Integration with a condition of constant values.

Question

I know that

$$\frac{1}{e^{\infty}}=0$$

Can I say that integration $$\int_0^{\infty} \frac{1}{e^{-ax}}dx=-a$$ where $a\in [0,-\infty)$. The reason is because the values of a is negative.
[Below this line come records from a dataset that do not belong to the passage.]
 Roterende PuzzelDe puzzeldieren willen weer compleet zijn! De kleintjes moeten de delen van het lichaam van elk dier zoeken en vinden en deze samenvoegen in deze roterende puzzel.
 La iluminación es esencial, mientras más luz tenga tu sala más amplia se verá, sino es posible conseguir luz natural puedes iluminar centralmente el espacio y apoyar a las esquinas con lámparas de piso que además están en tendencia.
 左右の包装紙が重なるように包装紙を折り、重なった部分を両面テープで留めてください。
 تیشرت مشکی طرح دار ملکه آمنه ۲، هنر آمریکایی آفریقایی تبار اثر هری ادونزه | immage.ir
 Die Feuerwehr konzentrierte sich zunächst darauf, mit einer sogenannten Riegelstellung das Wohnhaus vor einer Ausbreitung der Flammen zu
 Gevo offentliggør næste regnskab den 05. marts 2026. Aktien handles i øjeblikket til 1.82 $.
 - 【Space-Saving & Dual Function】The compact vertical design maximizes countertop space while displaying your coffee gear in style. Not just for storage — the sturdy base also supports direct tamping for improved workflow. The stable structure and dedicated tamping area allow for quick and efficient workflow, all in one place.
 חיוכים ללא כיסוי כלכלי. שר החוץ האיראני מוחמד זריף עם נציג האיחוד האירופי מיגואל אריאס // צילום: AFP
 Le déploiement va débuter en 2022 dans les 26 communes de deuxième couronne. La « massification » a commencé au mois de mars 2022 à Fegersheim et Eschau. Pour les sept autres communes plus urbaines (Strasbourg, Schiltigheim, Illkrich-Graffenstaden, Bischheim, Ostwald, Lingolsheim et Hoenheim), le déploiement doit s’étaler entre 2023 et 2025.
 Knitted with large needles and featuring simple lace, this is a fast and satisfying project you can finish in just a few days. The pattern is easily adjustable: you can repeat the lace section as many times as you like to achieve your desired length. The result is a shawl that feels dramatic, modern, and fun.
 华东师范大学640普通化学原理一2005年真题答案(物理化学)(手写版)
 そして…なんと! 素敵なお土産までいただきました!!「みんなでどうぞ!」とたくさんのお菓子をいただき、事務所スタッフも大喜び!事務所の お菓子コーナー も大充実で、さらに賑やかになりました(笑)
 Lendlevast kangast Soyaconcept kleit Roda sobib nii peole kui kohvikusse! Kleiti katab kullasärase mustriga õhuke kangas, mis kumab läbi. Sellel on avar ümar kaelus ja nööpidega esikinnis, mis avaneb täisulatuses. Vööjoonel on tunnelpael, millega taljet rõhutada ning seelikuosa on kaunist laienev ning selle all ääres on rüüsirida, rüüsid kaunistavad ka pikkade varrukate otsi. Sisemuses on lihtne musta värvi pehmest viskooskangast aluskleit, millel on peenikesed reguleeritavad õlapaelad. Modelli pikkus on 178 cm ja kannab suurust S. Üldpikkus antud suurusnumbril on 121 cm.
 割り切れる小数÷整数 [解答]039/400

Is this true or I am wrong in this assumption.

Answer 1

\begin{align} \int_0^{\infty}e^{ax}\mathrm{d}x=\lim_{n\to \infty} \int_0^n e^{ax}\mathrm{d}x=\frac{1}{a}\lim_{n\to \infty}[e^{ax}+C]_0^n=\lim_{n\to \infty}\frac{e^{na}-1}{a} \end{align} which is $\infty$ is $a\ge 0$, and $-1/a$ if $a<0$.

Answer 2

$$\int_{0}^\infty \frac{1}{e^{-ax}}dx=\int_{0}^\infty e^{ax}dx$$

Which converges only for negative values of $a$. When it does converge, you have $$\int_{0}^\infty e^{ax}dx$$ and, since $a$ is negative, by using $u$-sub, we have $$=\frac{1}{a}\int_{0}^{-\infty} e^{u}du$$ $$=-\frac{1}{a}$$